*Exercise description*: Beginning with the line below that contains "Simple et classe, ces" and ending with the line that contains "Confusion matrix of", copy every line exactly. Copy nothing else.

*Raw data*:
>>>
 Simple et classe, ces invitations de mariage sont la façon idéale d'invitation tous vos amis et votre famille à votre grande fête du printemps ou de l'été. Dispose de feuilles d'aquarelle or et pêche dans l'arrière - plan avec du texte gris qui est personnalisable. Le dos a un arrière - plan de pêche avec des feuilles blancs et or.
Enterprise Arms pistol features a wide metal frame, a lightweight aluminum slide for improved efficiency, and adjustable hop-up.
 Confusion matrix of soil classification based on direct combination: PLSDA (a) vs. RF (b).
<<<
>>>
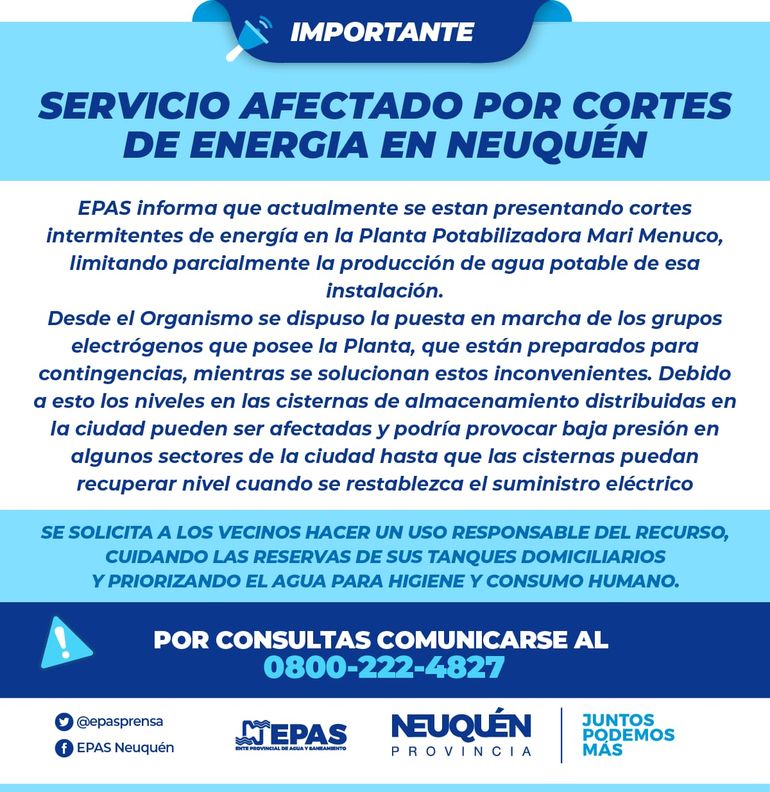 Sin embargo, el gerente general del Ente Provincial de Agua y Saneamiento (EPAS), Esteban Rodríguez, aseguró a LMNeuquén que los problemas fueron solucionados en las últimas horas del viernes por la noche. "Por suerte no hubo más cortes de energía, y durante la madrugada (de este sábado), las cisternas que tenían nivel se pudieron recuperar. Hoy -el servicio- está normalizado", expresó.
<<<
*Response to the task*:
 Simple et classe, ces invitations de mariage sont la façon idéale d'invitation tous vos amis et votre famille à votre grande fête du printemps ou de l'été. Dispose de feuilles d'aquarelle or et pêche dans l'arrière - plan avec du texte gris qui est personnalisable. Le dos a un arrière - plan de pêche avec des feuilles blancs et or.
Enterprise Arms pistol features a wide metal frame, a lightweight aluminum slide for improved efficiency, and adjustable hop-up.
 Confusion matrix of soil classification based on direct combination: PLSDA (a) vs. RF (b).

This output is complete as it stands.